The following is an open letter from 68 leaders participating in the Health Policy Consensus Group. The full list of signatories follows the letter.

Democrats in Congress have proposed a COVID-19 relief bill that includes provisions to dramatically increase government subsidies for health care coverage for millions of people who already have insurance while further expanding government control over health care.

The legislation would increase for more than two years government payments to insurance companies via the Affordable Care Act by:

Removing even the de minimis premium payments required of people earning less than 150% of the federal poverty level.

Paying more of the premium for those earning above that amount.
Newly subsidizing health coverage for the highest-income Americans.

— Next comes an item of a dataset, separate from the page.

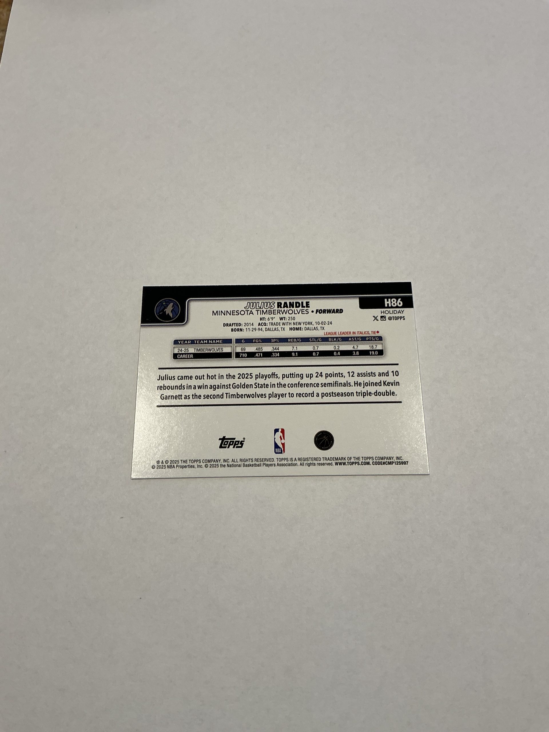 Topps Julius Randle H86 2025/26 Holiday edition. Like new condition.

Most of the spending on premium subsidies will be paid to insurers on behalf of people who already have coverage. The bill would subsidize 85% of premiums for employees to continue COBRA coverage through September. It also gives states that have not expanded Medicaid to cover able-bodied adults a five-percentage-point increase in federal matching funds for traditional Medicaid recipients for two years if they expand their programs.

It also would draw employees away from their job-based health insurance into the exchanges, where they would have inferior coverage.

Instead of addressing Obamacare’s many flaws and costly mandates, the Democrats’ misguided proposal simply throws more money at insurance companies each time they increase premiums.

According to the Congressional Budget Office, these provisions would increase the deficit by tens of billions of dollars over the next two years and will fuel health care cost inflation without substantially expanding coverage.

Despite projections that millions of people would lose their employer-based health coverage due to COVID-19, a Heritage Foundation analysis of actual insurance market enrollment data for the first three quarters of 2020 found that the economic dislocation caused by COVID-19 did not appear to have had a significant adverse effect on health insurance coverage. The study concluded that “health insurance enrollment has remained fairly stable this year.”

Furthermore, the COVID-19 relief legislation that Congress passed in March 2020 already enhanced federal Medicaid funding, required states to continue covering current Medicaid recipients, and specified that additional unemployment compensation payments were not to be counted as income for purposes of determining Medicaid or Children’s Health Insurance Program eligibility.

Consequently, Medicaid and CHIP enrollment ballooned from 70.9 million individuals in March 2020 to 77.3 million in September (the most recent month for which figures are available).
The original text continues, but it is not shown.